What the exercise asks: Copy exactly. Begin at the line containing "Géométrie cylindrique et" and stop at the last line of the entries, omitting any pictures.

[Source data]
= = = =

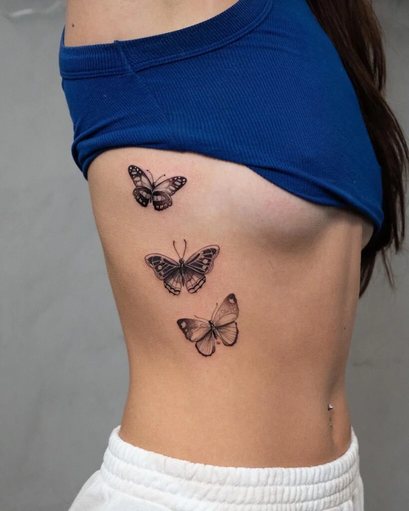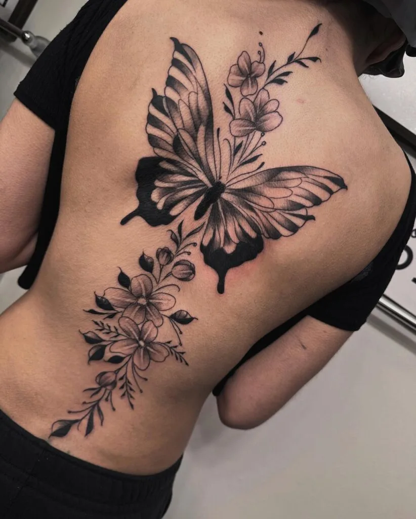 Rib tattoos are often chosen for their dramatic vertical flow, stretching with floral designs, lettering, or animal forms.
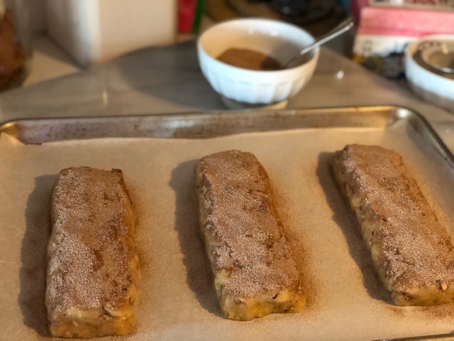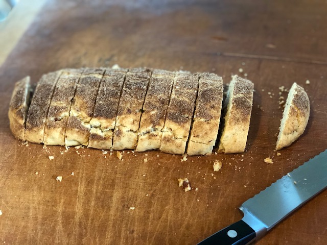 I had to text Lisa to ask her about details, because my memory is a bit fuzzy. Do you sprinkle the cinnamon sugar on the loaves before they are sliced, or on the cut side of the cookies after the loaves have been sliced? Lisa and her mom waited until the cookies were sliced to sprinkle with cinnamon sugar. Lisa asked me if I have a preference… I have tried both ways to see what I like best, and am still trying to decide.
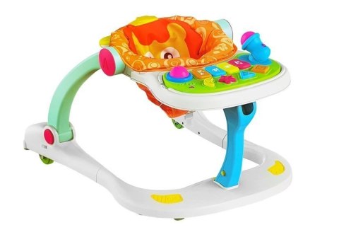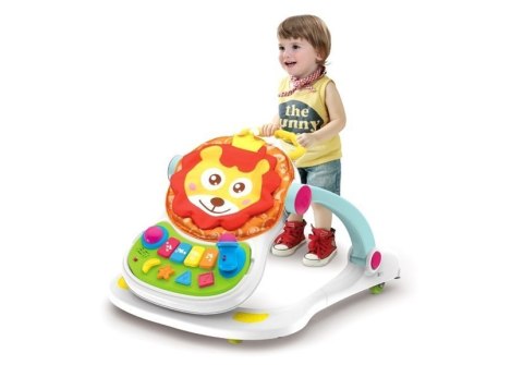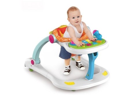 Chodzik pomoże stawiać pierwsze kroki, który następnie można przekształcić w fotelik do zabawy z panelem w zestawie. Panel posiada pianinko, różne kształty, grzechotkę. Wszystkiemu towarzyszą efekty świetlne i dźwiękowe. Sprawi dużo radości maluchom, które bawią się na siedząco — wspomagając ich rozwój i przyśpieszając naukę samodzielności.
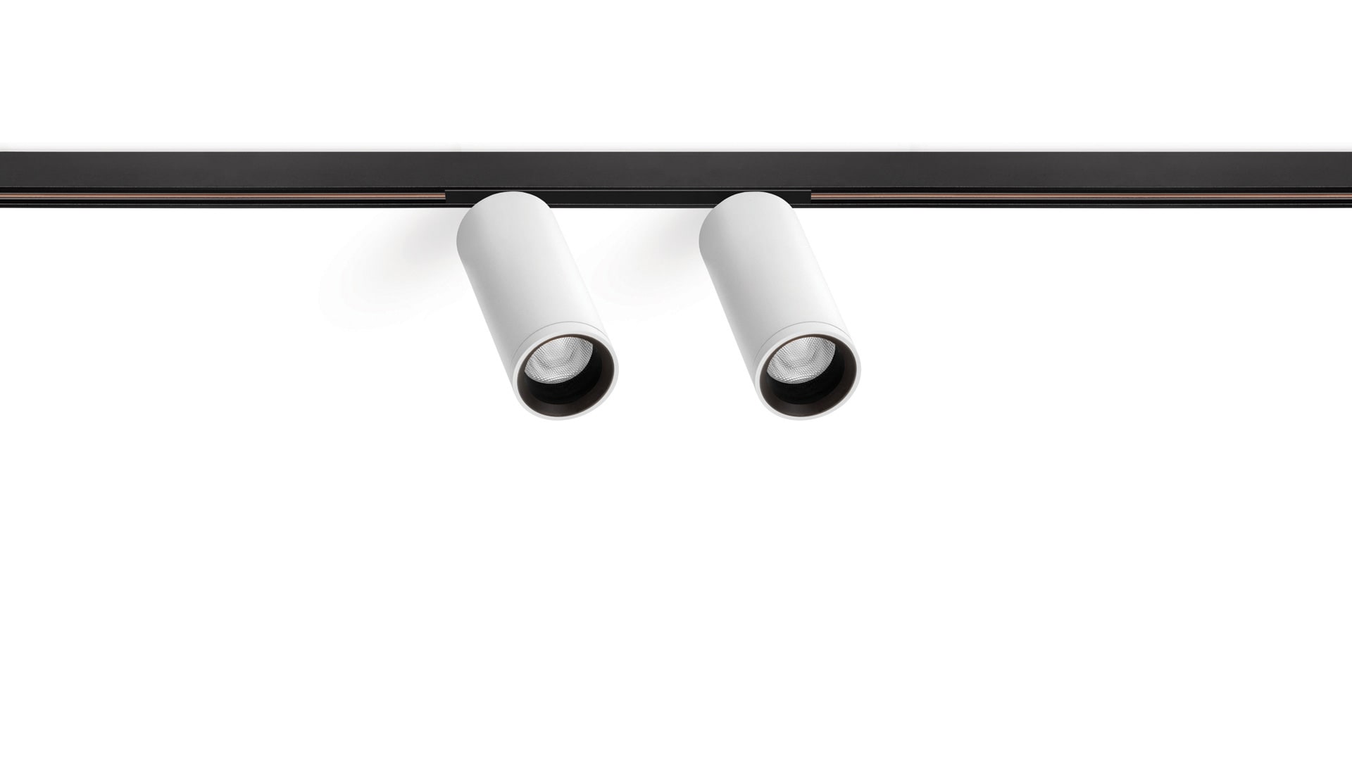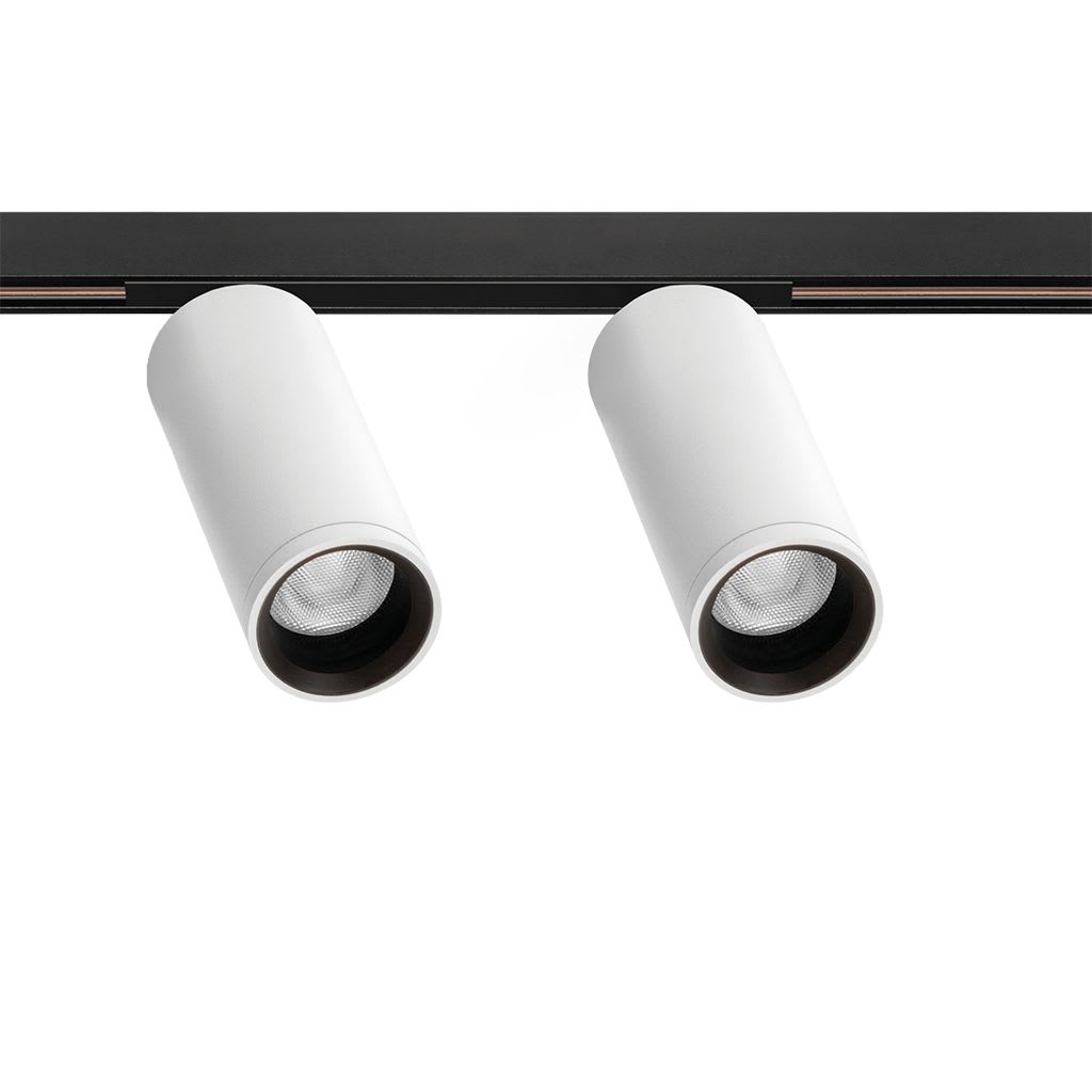 Géométrie cylindrique et de formes essentielles. Minimalisme esthétique et fonctionnalité. Projecteur pour applications de rails 48V.
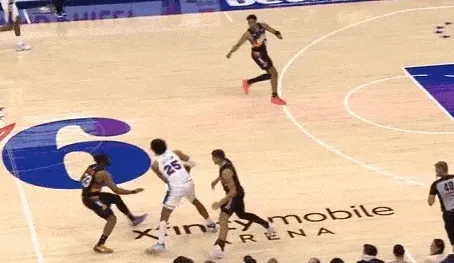 持球推进至弧顶,见自己无人看管、面前一面开阔地,赶在身侧追防的杰特霍华德到位之前,立即使用炸球一二步急停,追身三分拔起就射手起刀落打成3+1,帮球队完成完美的由守转攻。

= = = =

Exercise solution:
 Géométrie cylindrique et de formes essentielles. Minimalisme esthétique et fonctionnalité. Projecteur pour applications de rails 48V.
 持球推进至弧顶,见自己无人看管、面前一面开阔地,赶在身侧追防的杰特霍华德到位之前,立即使用炸球一二步急停,追身三分拔起就射手起刀落打成3+1,帮球队完成完美的由守转攻。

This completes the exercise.